Celebrating its 50th anniversary in 2022, the Salem Witch Museum has told the story of the innocent victims of the Salem Witch Trials since its founding in 1972.

Salem Witch Museum

On May 6, 1972, the museum opened and became the first in the city to bring the full story of the Salem Witch Trials to visitors from around the block and around the world. The museum’s second exhibit, Witches: Evolving Perceptions was added in 1999.

The story of the Salem Witch Museum begins in 1692, when the site was home to the elder minister of Salem, Reverend John Higginson. Though he largely stayed out of the witchcraft turmoil, he was involved in several examinations. Also living here in 1692 was his daughter, Ann Dolliver, and her three children. In June of 1692, Dolliver was accused of witchcraft, arrested, jailed, and examined. Although she confessed, she never came to trial and returned to live here with her family on Salem Common.

View of the East Church, built between 1844 and 1846, on Brown Street (now part of Washington Square North)
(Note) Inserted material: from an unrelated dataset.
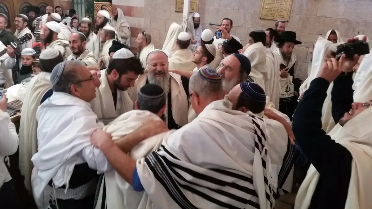 הרב אליהו הוסיף כי "מה שאנחנו עושים - אנו מתאמנים לשמחה לקראת השמחה הגדולה של בית המקדש, מתאמנים להרחיב את הלב. אנחנו מבקשים מהציבור לפתוח את הלב ולקיים את מצוות שמחה מדאוריתא. בדיוק כמו מצוות אכילת מצוה או כל מצווה אחרת. בסיום התפילה ניגשו המתפללים אל הרב להתברך ולקיים 'קבלת פני רבו' ברגל".
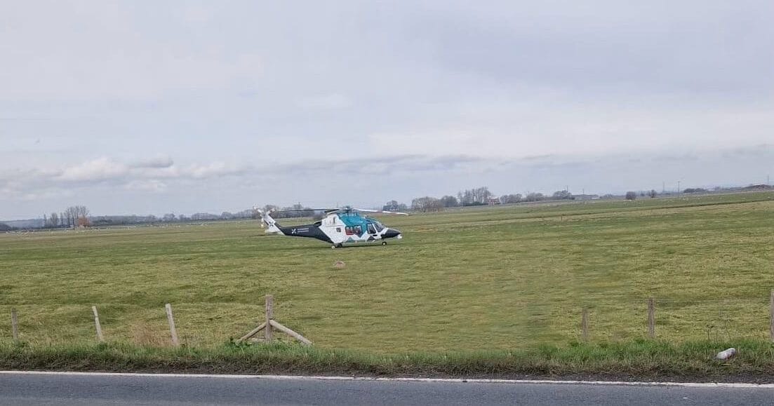 The air ambulance landed near the Camber road at the weekend after a car ended up in a ditch. A helicopter from Air Ambulance Charity Kent Surrey Sussex arrived at the scene at 1pm on Saturday, March 9. The crew worked with emergency workers from Sussex Police and SECAmb to treat the patient at the scene, before they were transported to a major trauma centre by air.

The brick and brownstone Gothic Revival building was constructed by New York architect Minard Lafever between 1844-1846 for Salem’s East Church. The original bell towers were shortened after a fire in the earlier 1920s. The congregation continued to meet here until the late 1940s. After the First and Second Churches reunited in 1956, the building was sold. For a decade, it housed the Salem Antique Auto Museum and Americana Shops.
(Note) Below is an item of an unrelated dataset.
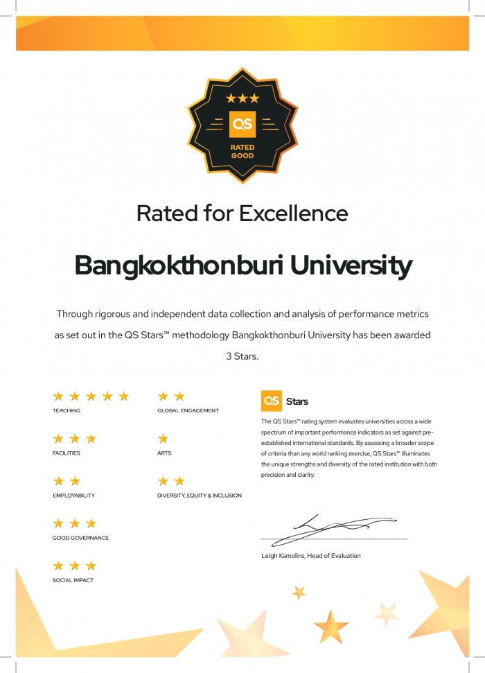 มหาวิทยาลัยกรุงเทพธนบุรี ได้รับผลการประเมิน 5 ดาว ด้าน Learning Experience Teaching

Today the Salem Witch Museum examines one of the most enduring and emotional events in American history through two presentations. The first provides an immersive look into the events of 1692. Visitors experience the drama of that dark time through 13 stage sets with life-sized figures, lighting, and narration as they are witnesses to the web of lies and the intrigue of the Salem witch-hunt. The second exhibit, Witches: Evolving Perceptions, explores the European witchcraft trials, the evolving image of the witch, and the larger issues of persecution and scapegoating in American history.

Salem Witch Museum painting
Painting by Racket Shreve

The Salem Witch Museum experience and its involvement in our local community go beyond its presentations and exhibits. On the 300th anniversary of the Salem Witch Trials, the Salem Witch Museum was instrumental in overseeing the creation of the Salem Witch Trials Memorial. Educational events are hosted by the museum year-round. They have also created descendant packets, available in the museum store.

And, if you love visiting Salem in October, you have the Salem Witch Museum to thank for some of the City’s most memorable festivities. In 1982, the Salem Witch Museum, in cooperation with the Salem Chamber of Commerce, launched Salem Haunted Happenings. What began as a local, one-weekend event has grown into the month-long Halloween celebration that it is today.